■ Work order:
Within the entries below, output exactly the lines between the line containing "陳某,女,21歲,於2020" and the line containing "The D'Addario ECG25", inclusive, and omit any picture.

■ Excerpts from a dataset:
• • • • •

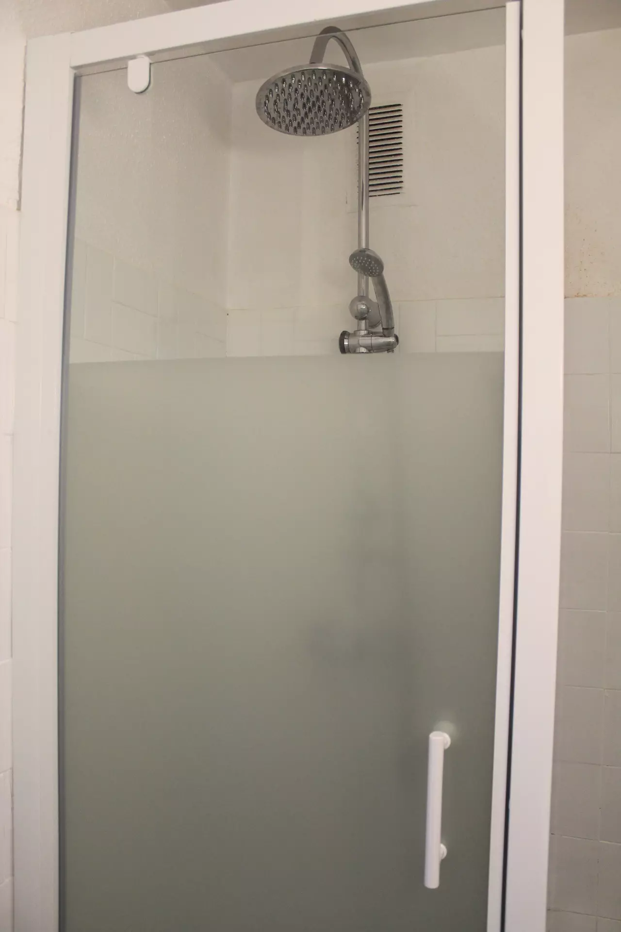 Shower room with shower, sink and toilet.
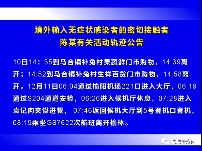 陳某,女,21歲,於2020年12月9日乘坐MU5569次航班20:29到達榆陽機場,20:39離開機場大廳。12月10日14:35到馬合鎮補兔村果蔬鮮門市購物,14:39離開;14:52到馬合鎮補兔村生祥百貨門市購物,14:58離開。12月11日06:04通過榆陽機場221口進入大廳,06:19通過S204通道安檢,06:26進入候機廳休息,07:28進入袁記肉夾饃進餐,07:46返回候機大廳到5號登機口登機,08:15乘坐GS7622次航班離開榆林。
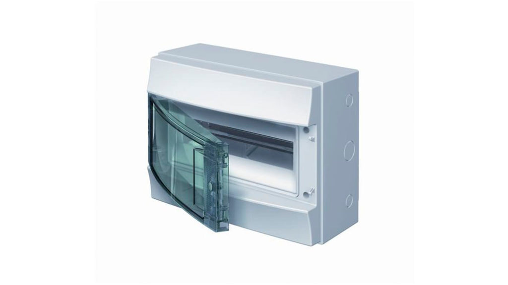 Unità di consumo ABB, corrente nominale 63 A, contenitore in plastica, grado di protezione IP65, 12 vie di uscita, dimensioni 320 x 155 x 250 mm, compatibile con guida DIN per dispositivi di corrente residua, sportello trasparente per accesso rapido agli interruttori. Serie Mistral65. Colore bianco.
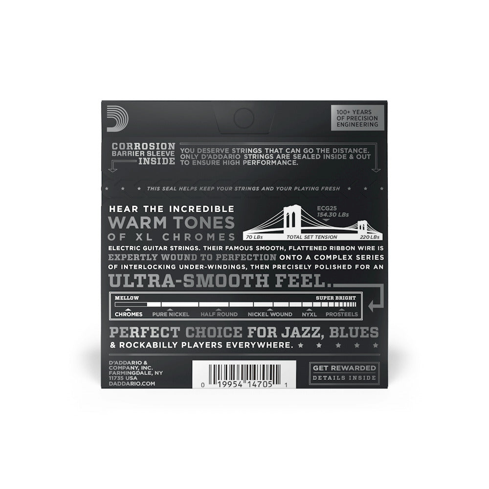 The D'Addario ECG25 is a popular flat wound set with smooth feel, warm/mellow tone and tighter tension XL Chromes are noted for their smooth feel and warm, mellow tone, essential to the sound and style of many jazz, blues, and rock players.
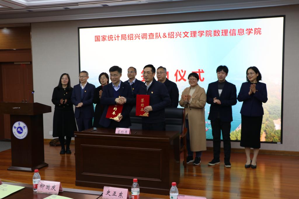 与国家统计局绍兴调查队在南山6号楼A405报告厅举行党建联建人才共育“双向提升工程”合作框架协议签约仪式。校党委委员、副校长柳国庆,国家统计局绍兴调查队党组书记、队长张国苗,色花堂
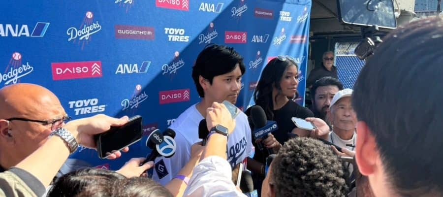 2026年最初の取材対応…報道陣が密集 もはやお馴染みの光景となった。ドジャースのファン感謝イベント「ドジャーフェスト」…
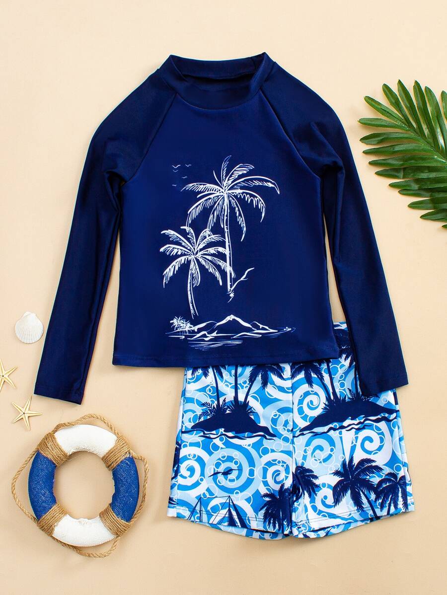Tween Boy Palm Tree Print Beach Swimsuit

• • • • •

■ Exercise answer:
 陳某,女,21歲,於2020年12月9日乘坐MU5569次航班20:29到達榆陽機場,20:39離開機場大廳。12月10日14:35到馬合鎮補兔村果蔬鮮門市購物,14:39離開;14:52到馬合鎮補兔村生祥百貨門市購物,14:58離開。12月11日06:04通過榆陽機場221口進入大廳,06:19通過S204通道安檢,06:26進入候機廳休息,07:28進入袁記肉夾饃進餐,07:46返回候機大廳到5號登機口登機,08:15乘坐GS7622次航班離開榆林。
 Unità di consumo ABB, corrente nominale 63 A, contenitore in plastica, grado di protezione IP65, 12 vie di uscita, dimensioni 320 x 155 x 250 mm, compatibile con guida DIN per dispositivi di corrente residua, sportello trasparente per accesso rapido agli interruttori. Serie Mistral65. Colore bianco.
 The D'Addario ECG25 is a popular flat wound set with smooth feel, warm/mellow tone and tighter tension XL Chromes are noted for their smooth feel and warm, mellow tone, essential to the sound and style of many jazz, blues, and rock players.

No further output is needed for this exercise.